--- RAW DATA ---
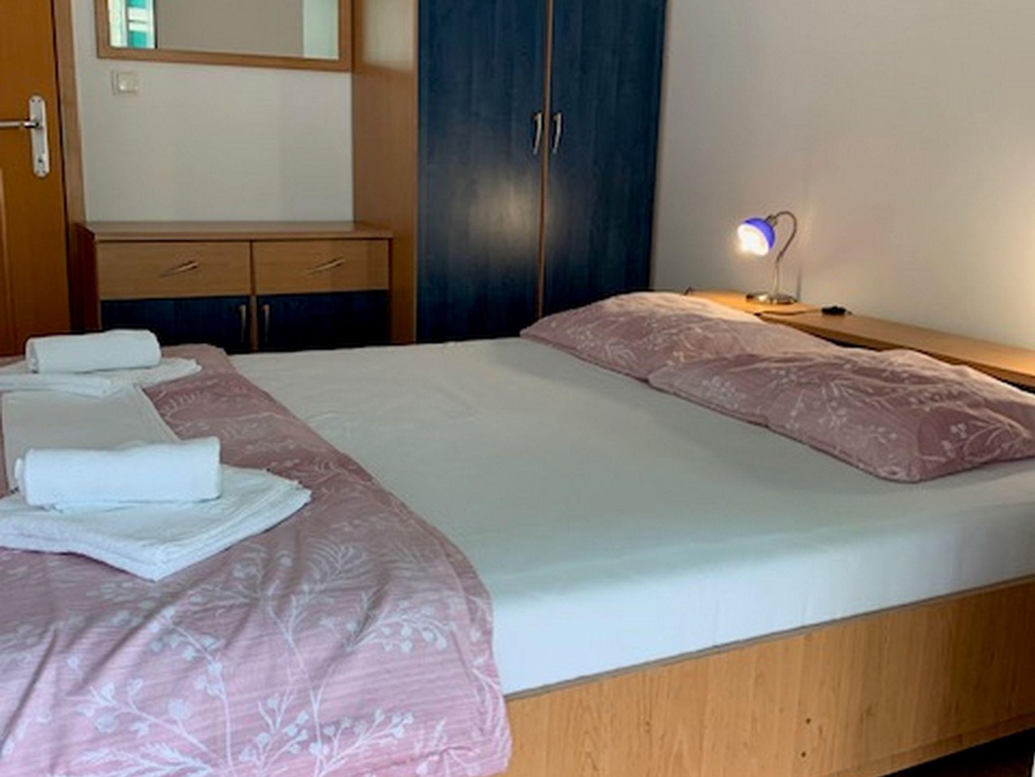 Ferienwohnung bietet Platz für 6 Gäste. Die Betten sind in Schlafzimmern, die es 3 gibt, innerhalb einer Gesamtfläche von 55m2, angeordnet. Die Gäste haben eine eigene Terrasse zur Verfügung, auf der sie in warmen Sommernächten genießen können. Das Apartment bietet Meerblick. Es ist erlaubt, Speisen auf dem Gemeinschafts-Grill vorzubereiten. In der Unterkunftseinheit besteht die Möglichkeit des Mitbringens von Haustieren gegen Aufpreis. IM PREIS INBEGRIFFEN: Kurtaxe, Endreinigung, Klimatisierung, Parkplatz, Internet, Wäschewaschen, Bootsanlegeplatz, Kinderbett, Föhn, Sonnenschirm, Liegestühle. UNVERBINDLICHE ZUSÄTZLICHE KOSTEN: Haustiere (15,00 € pro Nacht). Die Verfügbarkeit zusätzlicher Dienstleistungen in Ihrem reservierten Termin und die Preise derselben (falls nicht aufgeführt) müssen im Voraus überprüft werden. Zusätzliche Dienstleistungen die in der Zahlungsaufforderung nicht aufgeführt sind werden direkt beim Vermieter bezahlt, angenommen der Gast nutzt auch diese. Ermäßigung auf den Grundpreis: Gratistag 14=13 (bei einem Aufenthalt von 14 Tagen oder mehr erhalten Sie einen Gratistag für den Aufenthalt bis 31.12.26).
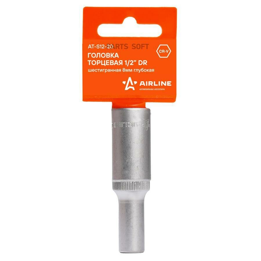ATS1220 AIRLINE Головка торцевая 1/2 DR шестигранная 8мм глубокая в пакете (AT-S12-20)
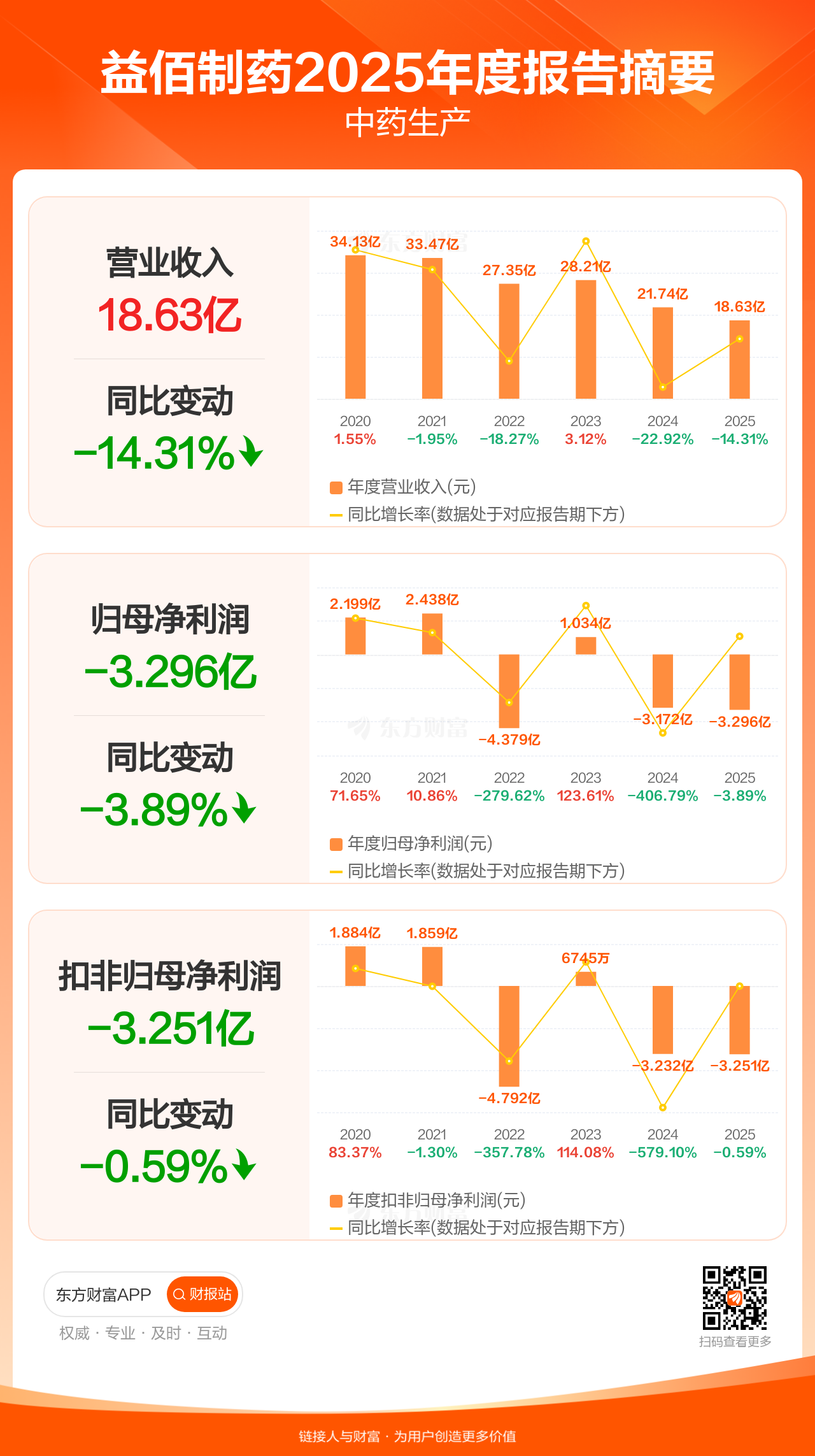 益佰制药4月23日发布2025年年报显示,公司全年实现营业收入18.63亿元,同比下滑14.31%;归母净利润-3.30亿元;扣非归母净利润-3.25亿元。
---
- _TASK REQUIREMENTS_
An exact copy of the data above is required, printed without its pictures.

- _EXERCISE ANSWER_
 Ferienwohnung bietet Platz für 6 Gäste. Die Betten sind in Schlafzimmern, die es 3 gibt, innerhalb einer Gesamtfläche von 55m2, angeordnet. Die Gäste haben eine eigene Terrasse zur Verfügung, auf der sie in warmen Sommernächten genießen können. Das Apartment bietet Meerblick. Es ist erlaubt, Speisen auf dem Gemeinschafts-Grill vorzubereiten. In der Unterkunftseinheit besteht die Möglichkeit des Mitbringens von Haustieren gegen Aufpreis. IM PREIS INBEGRIFFEN: Kurtaxe, Endreinigung, Klimatisierung, Parkplatz, Internet, Wäschewaschen, Bootsanlegeplatz, Kinderbett, Föhn, Sonnenschirm, Liegestühle. UNVERBINDLICHE ZUSÄTZLICHE KOSTEN: Haustiere (15,00 € pro Nacht). Die Verfügbarkeit zusätzlicher Dienstleistungen in Ihrem reservierten Termin und die Preise derselben (falls nicht aufgeführt) müssen im Voraus überprüft werden. Zusätzliche Dienstleistungen die in der Zahlungsaufforderung nicht aufgeführt sind werden direkt beim Vermieter bezahlt, angenommen der Gast nutzt auch diese. Ermäßigung auf den Grundpreis: Gratistag 14=13 (bei einem Aufenthalt von 14 Tagen oder mehr erhalten Sie einen Gratistag für den Aufenthalt bis 31.12.26).
ATS1220 AIRLINE Головка торцевая 1/2 DR шестигранная 8мм глубокая в пакете (AT-S12-20)
 益佰制药4月23日发布2025年年报显示,公司全年实现营业收入18.63亿元,同比下滑14.31%;归母净利润-3.30亿元;扣非归母净利润-3.25亿元。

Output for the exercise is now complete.